The current U.S. and EU approaches are similar in that both bar producers and exporters of products made in settlements from indicating that the point of origin of the products is Israel. The approaches differ, however, in how far they go. U.S. labeling, in effect, differentiates between Israel on the one hand, and the West Bank/Gaza on the other. The EU differentiates not only between Israel and the West Bank, but within the West Bank between Israeli and Palestinian goods. This difference reflects, fundamentally, the different historical and economic circumstances in which the respective regulations were adopted.
Historical Context – The U.S.
The historical context for current U.S. Customs regulations dealing with labeling products from the West Bank is explained in detail in a 1995 Department of Treasury Notice of Policy.
Prior to the onset of the Oslo peace process, U.S. Customs regulations required goods produced in the West Bank and Gaza to have the point of origin labeled "Israel," or “Product of Israel,” or "Israeli-Occupied West Bank (or Gaza),” or words of similar meaning. This reflected Customs’ view that, for the purposes of labeling goods as required under 19 U.S. Code § 1304,
the designation ‘West Bank’ is not an acceptable country of origin marking because the United States does not recognize the West Bank territory as an independent political entity.
It should be noted that even at the time, labeling such products as made in “Israel” was inherently problematic, as the relevant section of the U.S. Code of Federal Regulations, 19 CFR 134.1, explicitly states with respect to country of origin labeling that:
"Country" means the political entity known as a nation.
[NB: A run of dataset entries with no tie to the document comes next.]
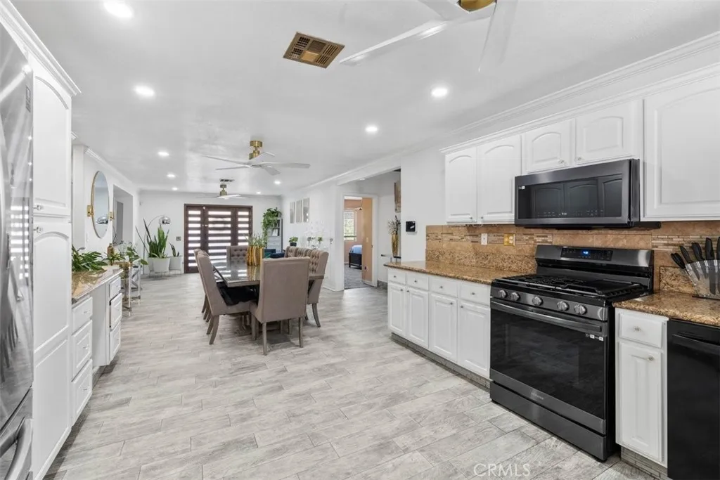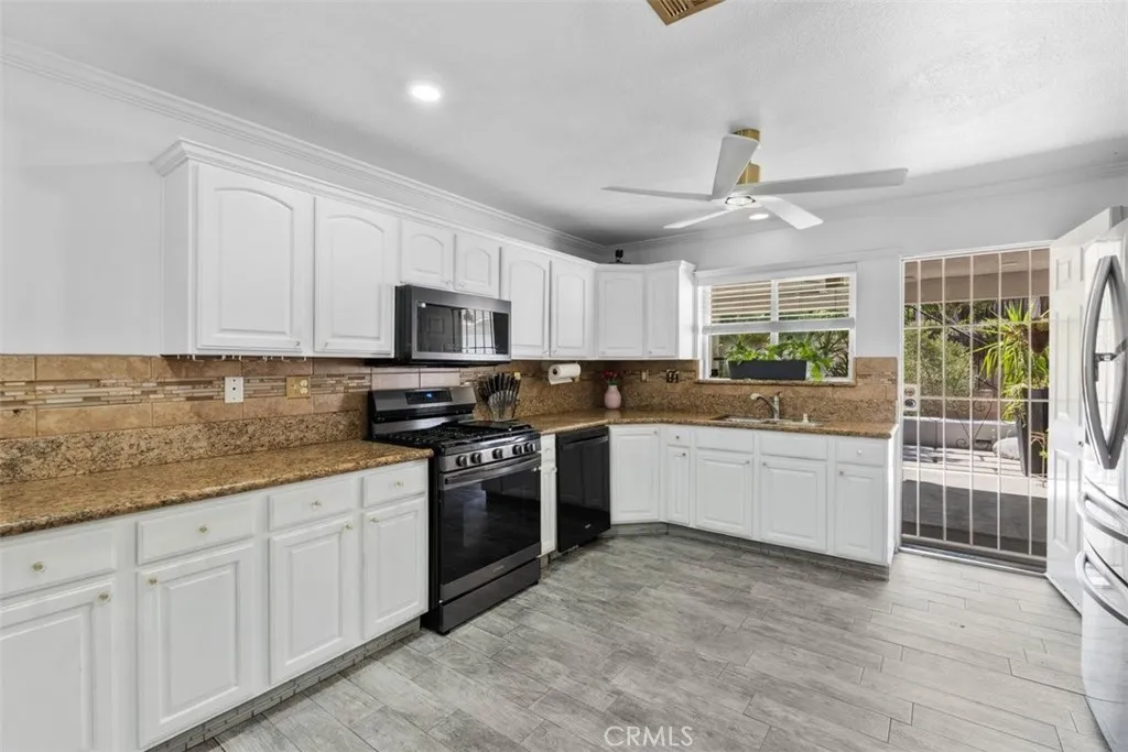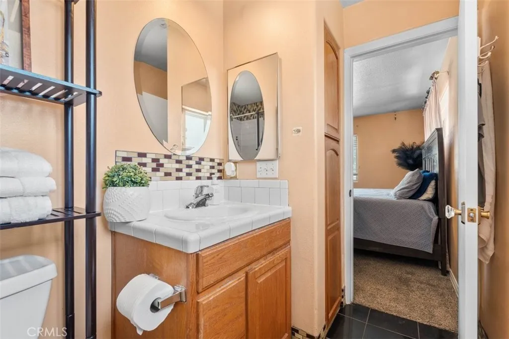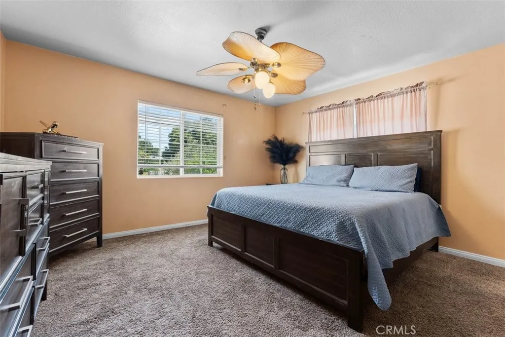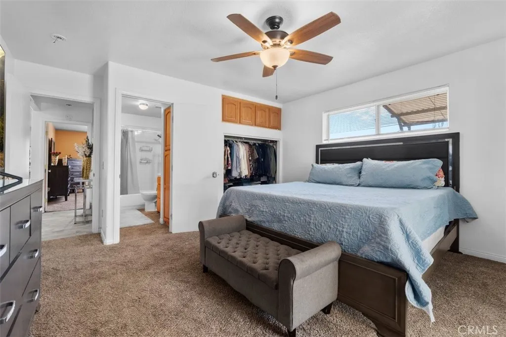 "Welcome home to this remarkable San Bernardino property! Located on a desirable corner lot, this house offers charming curb appeal and a significant upgrade: solar panels. Inside, you'll discover the warmth of beautiful wood tile flooring flowing through most of the home, leading to a modern, open floor plan that embraces comfortable living. The living room flows seamlessly into a well-appointed kitchen, a true chef's delight with granite countertops, upgraded finishes, and extensive counter space. This residence offers four spacious bedrooms; two include private, bathrooms, while the other two share a practical Jack and Jill bath. You'll find unparalleled convenience with two attached 2-car garages and an enormous RV parking area perfect for all your vehicles, recreational vehicles, and outdoor gear. The backyard is designed for relaxation and enjoyment, featuring a covered patio for outdoor gatherings and a separate garden area adorned with a delightful assortment of fruit trees and plants like geranium, Meyers Lemon, Key Lime, Cherry, Apple, Fig, Pomegranate, and Peach. A sizable storage shed provides additional utility. Situated on a peaceful street yet offering quick access to freeways, this home provides a desirable lifestyle. Don't miss the opportunity to make it yours!"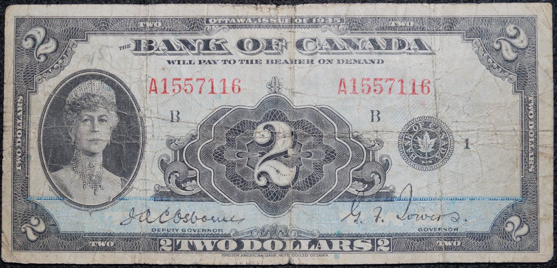 1935 $2 Dollar , BC-3, Bank of Canada Bank note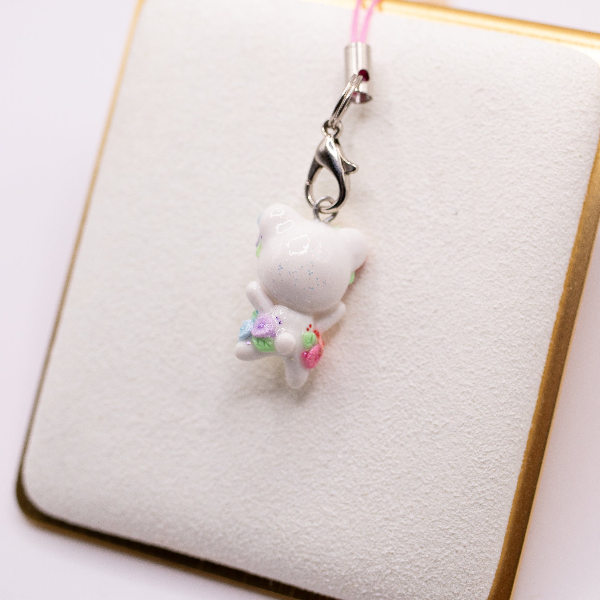 A bear charm covered in rainbow daisy flowers. 🌈 This little bear has a lot of details on her. Take a peek at the kitty variant here!

Colonies, possessions, or protectorates outside the boundaries of the mother country are considered separate countries.
In any case,these regulations changed in 1995 (and were further amended in 1997), explicitly in the context of the Oslo process. The Notice of Policy states that in light of the signing of the Israeli-PLO Declaration of Principles on Interim Self-Government Arrangements (the DOP),
In view of these recent developments [, the U.S. Department of the State has advised the U.S. Department of the Treasury by letter dated October 24, 1994, that, in their view, the primary purpose of 19 U.S.C. 1304 would be best served if goods which are produced in the West Bank and Gaza Strip are permitted to be marked “West Bank” or “Gaza Strip.” The Department of State believes that labeling goods as coming from the “West Bank” or “Gaza” will provide American purchasers with important information indicating their origin, which is the primary purpose of 19 U.S.C. 1304.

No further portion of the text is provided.